* **ABOUT THIS TASK**: Could you copy the data that follows exactly as written, but drop the pictures?

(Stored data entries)
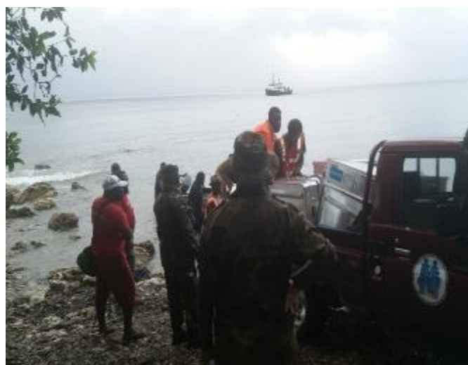
MoET working with Save the Children, NDMO and VMFs to off load Education Supplies off MV Aganda.
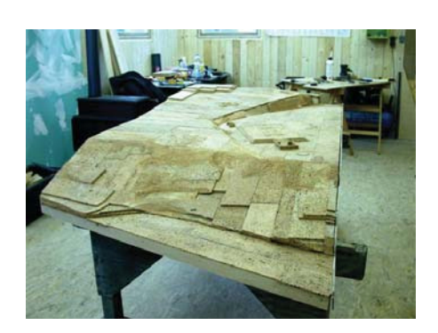
The new section of the cork model, depicting the so-called 'Forum Triangolare' during construction in Dieter's workshop in Bonn
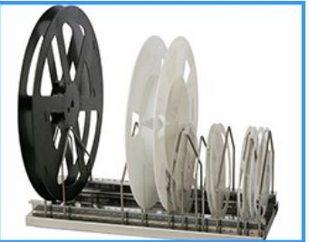
♦SMD single rack (stainless steel)

Effective usage of N<sub>2</sub> combined with Super Dry, help to accelerate the recovery time and oxidation prevention. Set the buttons on N2 purge system itself
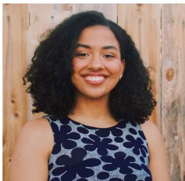
Tyra Popovich Museum, Public Affairs Pitzer College Major: Organizational Studies

“I’ve always been interested in art publication, whether it be informal hand-made zines or more formal art books. I’m looking forward to learning more about the print production process and meeting all the talented individuals in the publications department.”
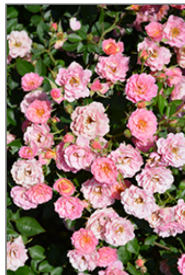
Oso Easy Petit Pink flowers
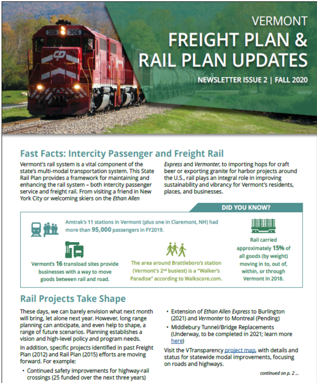
FIGURE 2.2 NEWSLETTER ISSUE 2 EXAMPLE
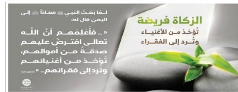
Graphic 7: “Zakat is Obligatory” al-Naba’ no. 46
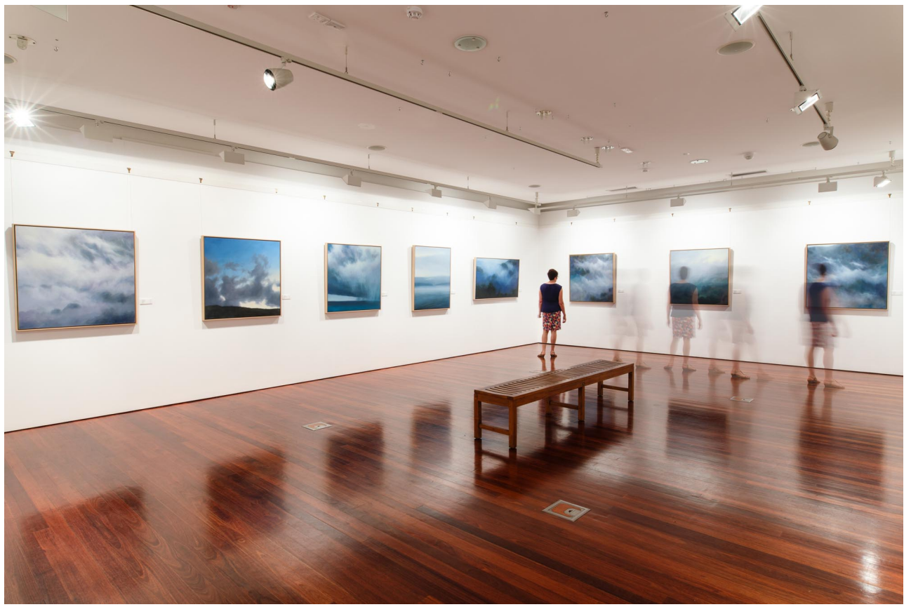
Image 1: Exhibition by Lynne Wallis, 2018 – Northern Rivers Community Gallery.
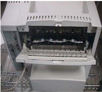
Left access door (fuser assembly)
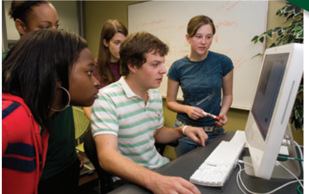
The donor, who wishes to remain anonymous, requested that $7 million of the gift be used for financial aid and scholarships to benefit MSU students.

* **EXPECTED OUTPUT**:
MoET working with Save the Children, NDMO and VMFs to off load Education Supplies off MV Aganda.
The new section of the cork model, depicting the so-called 'Forum Triangolare' during construction in Dieter's workshop in Bonn
♦SMD single rack (stainless steel)

Effective usage of N<sub>2</sub> combined with Super Dry, help to accelerate the recovery time and oxidation prevention. Set the buttons on N2 purge system itself
Tyra Popovich Museum, Public Affairs Pitzer College Major: Organizational Studies

“I’ve always been interested in art publication, whether it be informal hand-made zines or more formal art books. I’m looking forward to learning more about the print production process and meeting all the talented individuals in the publications department.”
Oso Easy Petit Pink flowers
FIGURE 2.2 NEWSLETTER ISSUE 2 EXAMPLE
Graphic 7: “Zakat is Obligatory” al-Naba’ no. 46
Image 1: Exhibition by Lynne Wallis, 2018 – Northern Rivers Community Gallery.
Left access door (fuser assembly)
The donor, who wishes to remain anonymous, requested that $7 million of the gift be used for financial aid and scholarships to benefit MSU students.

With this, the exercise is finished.